Top of RECORDS SUPPLIED
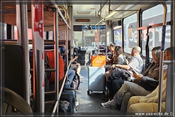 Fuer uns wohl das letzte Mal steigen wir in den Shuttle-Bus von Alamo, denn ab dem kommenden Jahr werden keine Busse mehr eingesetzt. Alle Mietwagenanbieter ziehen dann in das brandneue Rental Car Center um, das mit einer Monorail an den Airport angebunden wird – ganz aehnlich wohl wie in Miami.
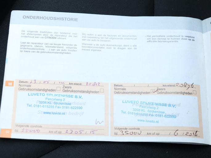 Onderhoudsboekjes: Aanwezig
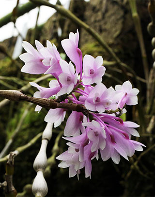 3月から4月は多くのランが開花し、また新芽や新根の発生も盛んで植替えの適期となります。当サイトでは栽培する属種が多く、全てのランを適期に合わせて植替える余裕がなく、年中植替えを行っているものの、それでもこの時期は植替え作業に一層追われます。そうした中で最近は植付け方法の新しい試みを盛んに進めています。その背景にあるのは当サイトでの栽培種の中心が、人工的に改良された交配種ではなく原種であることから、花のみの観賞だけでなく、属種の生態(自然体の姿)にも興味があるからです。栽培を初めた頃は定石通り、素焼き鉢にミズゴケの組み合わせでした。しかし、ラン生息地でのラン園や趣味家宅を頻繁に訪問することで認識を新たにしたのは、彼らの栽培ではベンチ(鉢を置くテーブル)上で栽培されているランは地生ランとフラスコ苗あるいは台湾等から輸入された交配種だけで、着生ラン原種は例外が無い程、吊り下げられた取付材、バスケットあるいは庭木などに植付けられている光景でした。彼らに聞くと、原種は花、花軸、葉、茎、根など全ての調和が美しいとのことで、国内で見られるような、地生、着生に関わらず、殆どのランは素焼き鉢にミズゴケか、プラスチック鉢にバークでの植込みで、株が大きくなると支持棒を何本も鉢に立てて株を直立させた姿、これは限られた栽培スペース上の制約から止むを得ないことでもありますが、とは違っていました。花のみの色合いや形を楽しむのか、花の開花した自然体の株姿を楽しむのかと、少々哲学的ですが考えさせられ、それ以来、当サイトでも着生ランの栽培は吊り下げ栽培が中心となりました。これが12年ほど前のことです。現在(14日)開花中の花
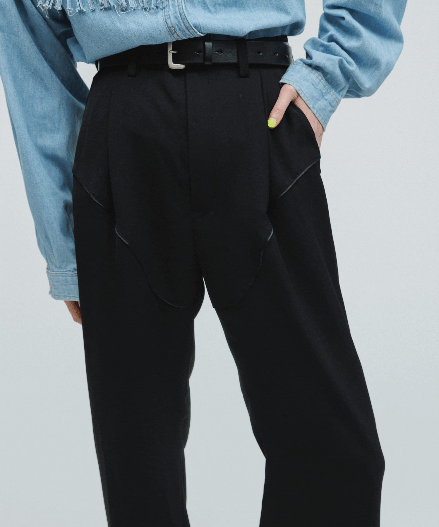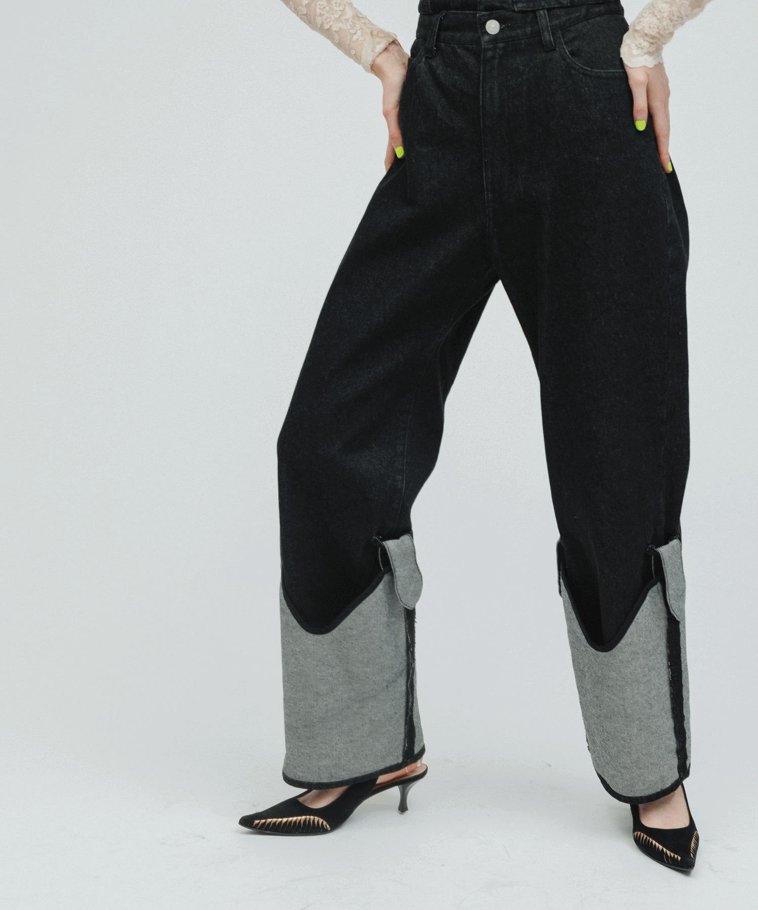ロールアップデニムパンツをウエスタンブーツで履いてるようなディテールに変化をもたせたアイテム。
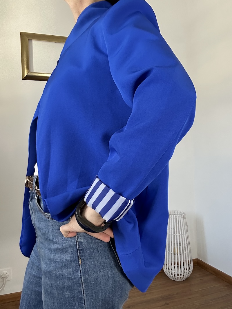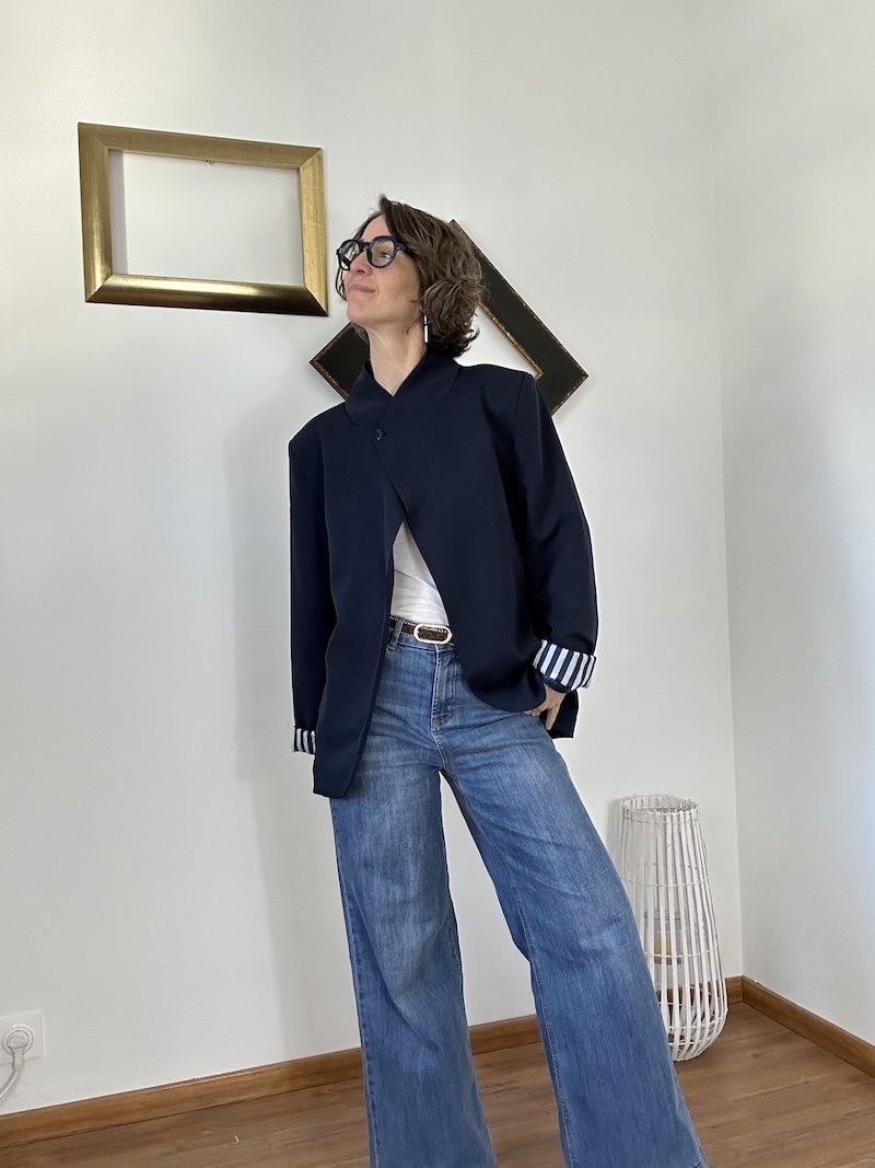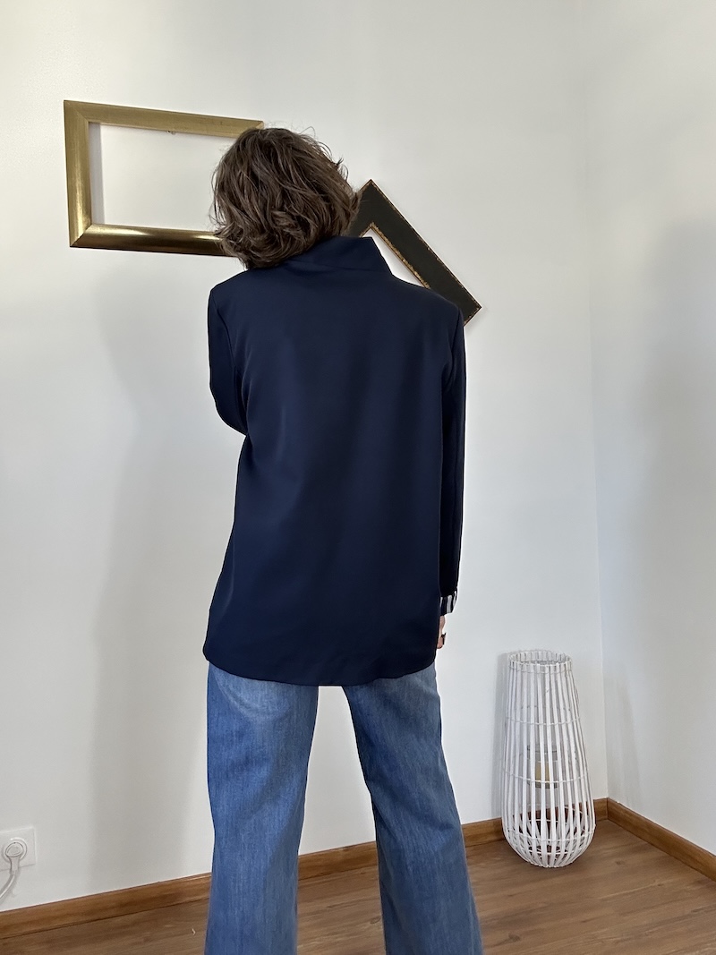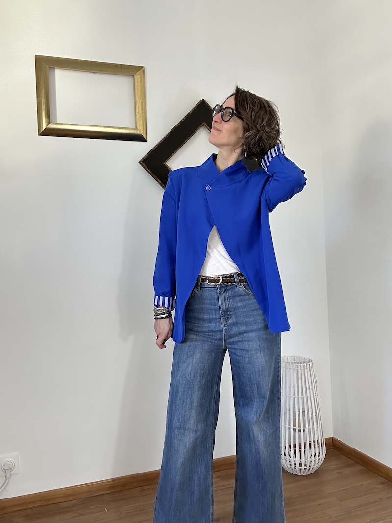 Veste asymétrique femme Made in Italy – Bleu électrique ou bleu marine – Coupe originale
Bottom of RECORDS SUPPLIED
**WHAT YOU SHOULD DO**
Reproduce all of the data exactly; the pictures do not belong in the copy.

**WRITTEN SOLUTION**
 Fuer uns wohl das letzte Mal steigen wir in den Shuttle-Bus von Alamo, denn ab dem kommenden Jahr werden keine Busse mehr eingesetzt. Alle Mietwagenanbieter ziehen dann in das brandneue Rental Car Center um, das mit einer Monorail an den Airport angebunden wird – ganz aehnlich wohl wie in Miami.
 Onderhoudsboekjes: Aanwezig
 3月から4月は多くのランが開花し、また新芽や新根の発生も盛んで植替えの適期となります。当サイトでは栽培する属種が多く、全てのランを適期に合わせて植替える余裕がなく、年中植替えを行っているものの、それでもこの時期は植替え作業に一層追われます。そうした中で最近は植付け方法の新しい試みを盛んに進めています。その背景にあるのは当サイトでの栽培種の中心が、人工的に改良された交配種ではなく原種であることから、花のみの観賞だけでなく、属種の生態(自然体の姿)にも興味があるからです。栽培を初めた頃は定石通り、素焼き鉢にミズゴケの組み合わせでした。しかし、ラン生息地でのラン園や趣味家宅を頻繁に訪問することで認識を新たにしたのは、彼らの栽培ではベンチ(鉢を置くテーブル)上で栽培されているランは地生ランとフラスコ苗あるいは台湾等から輸入された交配種だけで、着生ラン原種は例外が無い程、吊り下げられた取付材、バスケットあるいは庭木などに植付けられている光景でした。彼らに聞くと、原種は花、花軸、葉、茎、根など全ての調和が美しいとのことで、国内で見られるような、地生、着生に関わらず、殆どのランは素焼き鉢にミズゴケか、プラスチック鉢にバークでの植込みで、株が大きくなると支持棒を何本も鉢に立てて株を直立させた姿、これは限られた栽培スペース上の制約から止むを得ないことでもありますが、とは違っていました。花のみの色合いや形を楽しむのか、花の開花した自然体の株姿を楽しむのかと、少々哲学的ですが考えさせられ、それ以来、当サイトでも着生ランの栽培は吊り下げ栽培が中心となりました。これが12年ほど前のことです。現在(14日)開花中の花
ロールアップデニムパンツをウエスタンブーツで履いてるようなディテールに変化をもたせたアイテム。
 Veste asymétrique femme Made in Italy – Bleu électrique ou bleu marine – Coupe originale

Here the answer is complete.